3) In case of a viral infection such as colds or flu viruses, the best way to treat sore throat would be gargling salt water and zinc lozenges which can help in reducing inflammation caused by virus. However, if you have been experiencing these symptoms for more than two days then it is important that we consult with your doctor immediately.
4) In case of allergies or acid reflux the best way to treat sore throat would be gargling salt water and zinc lozenges which can help in reducing inflammation ca

# **Another** [**example**](https://medium.com/ai-in-plain-english/fine-tuning-large-language-models-with-langchain-1cf453349001)

Suppose we have a collection of CVs in PDF format, and we want to use an LLM to extract information about the candidates or evaluate their suitability for a particular role.

In [None]:
# DEPENDENCES
# !pip install chromadb
# !pip install langchain
# !pip install pypdf
# !pip install llama-index

In [None]:
import os 
# IF we use OPEN-IA,need to add your openai api key
os.environ["OPENAI_API_KEY"] ="your openApi key"

In [2]:

from langchain.document_loaders import PyPDFLoader
from langchain.indexes import VectorstoreIndexCreator
from langchain.embeddings import HuggingFaceEmbeddings

loader = PyPDFLoader('resources/cv_david_smith.pdf')

# intialize the Vector index creator, embedding by default is OpenAIEmbeddings
index = VectorstoreIndexCreator(embedding= HuggingFaceEmbeddings()).from_loaders([loader])

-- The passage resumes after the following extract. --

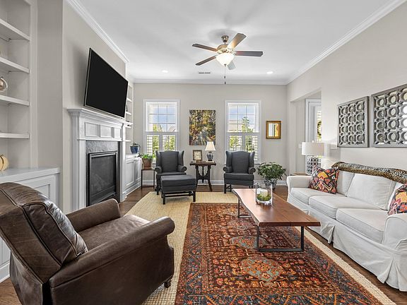 Prime Wake Forest neighborhood and wonderful home site overlooking large courtyard from 3 porches. Meticulously designed and maintained home w/ gourmet kitchen, large island, upgrades galore. Holding Village has trail access to several parks, 14 acre lake, Community Pool, playground. Lawn care included in HOA fee. Gas fireplace, ---hardwood floors, walk-in closest, loads of storage. This one will not last long.

To retrieve some information from the document we need to write our question in form of a query. The index object we just created has the function query which gives it the impression that we are querying a database.

In [5]:
query = "what is the name of the candidate you have ?"
index.query(query, llm=llm)

 The name of the candidate I am referring to in this context is DAVID SMITH.

' The name of the candidate I am referring to in this context is DAVID SMITH.'

## Adding multiple documents

In [11]:
from langchain.document_loaders import PyPDFLoader
from langchain.indexes import VectorstoreIndexCreator


loaders = [PyPDFLoader('resources/cv_Jo Brown.pdf'), PyPDFLoader('resources/cv_david_smith.pdf')]
index = VectorstoreIndexCreator(embedding= HuggingFaceEmbeddings()).from_loaders(loaders)

In [12]:
index.query('Give me the names of the candidates you have',llm=llm)

 I am sorry but there is no information provided in the given context about any candidate.

' I am sorry but there is no information provided in the given context about any candidate.'

In [14]:
print(index.query('que es CNN en ciencias de la computacion ',llm=llm))


 CNN stands for "Computer Networks" in Spanish, which is the name of an online news website that focuses on computer science topics such as programming languages and software development. CNN stands for "Computer Networks" in Spanish, which is the name of an online news website that focuses on computer science topics such as programming languages and software development.